Após uma extensa investigação, que incluiu a análise de quase dois mil arquivos, vídeos e laudos técnicos, o Ministério Público de Santa Catarina chegou a uma conclusão sobre a morte do cão Orelha, que ocorreu em janeiro deste ano. O relatório, divulgado na última terça-feira (12), esclarece que a morte do animal não foi decorrente de agressões cometidas por um grupo de adolescentes, como inicialmente acreditado, mas sim devido a uma "condição grave e preexistente".
Contexto da Investigação
A morte de Orelha gerou grande repercussão nas mídias sociais e na opinião pública, levando a uma investigação detalhada por parte da Polícia Civil de Santa Catarina. Inicialmente, o caso foi tratado como um ato de crueldade, onde os adolescentes teriam agredido o cão na praia onde ele residia. As autoridades chegaram a solicitar a internação de um dos jovens suspeitos.
Análise das Evidências
O Ministério Público, ao examinar as evidências, identificou várias inconsistências na narrativa apresentada pela Polícia Civil. A principal descoberta foi a reconstituição da cronologia dos eventos. Embora a versão inicial afirmasse que um adolescente teria permanecido com Orelha na praia por cerca de 40 minutos, as análises dos vídeos mostraram uma discrepância temporal significativa, com uma defasagem de aproximadamente 30 minutos entre os registros das câmeras.
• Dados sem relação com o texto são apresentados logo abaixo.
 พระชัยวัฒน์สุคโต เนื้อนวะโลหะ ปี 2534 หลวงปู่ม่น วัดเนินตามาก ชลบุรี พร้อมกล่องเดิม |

Resultados da Reconstituição
A reconstituição revelou que não havia registros da presença do cão na Praia Brava, local onde supostamente teria ocorrido a agressão. Testemunhas confirmaram que Orelha não foi visto naquela manhã. Além disso, o documento do Ministério Público indicou que, enquanto um dos jovens estava na praia, o cão estava localizado a cerca de 600 metros de distância, o que contradiz a tese de que ambos compartilharam o mesmo espaço.
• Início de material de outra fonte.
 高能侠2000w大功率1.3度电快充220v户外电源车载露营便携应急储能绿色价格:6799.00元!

Exames Periciais e Conclusões
Outros fatores que influenciaram a decisão do Ministério Público foram os laudos periciais e o depoimento do médico-veterinário que atendeu Orelha. A exumação do animal não revelou fraturas ou lesões que pudessem indicar maus-tratos. Ao contrário, constatou-se que Orelha apresentava sinais de osteomielite na região maxilar, uma infecção crônica relacionada a problemas dentários, o que, segundo os especialistas, explica a gravidade de sua condição.
Implicações Finais
Com base nas evidências coletadas e na análise rigorosa realizada, o Ministério Público solicitou o arquivamento do caso judicial. A decisão ressalta a importância de uma investigação minuciosa em casos de supostos maus-tratos a animais, evitando conclusões precipitadas que possam prejudicar inocentes. O caso de Orelha destaca a necessidade de um olhar crítico sobre as informações disponíveis e a relevância da ciência forense na elucidação de fatos.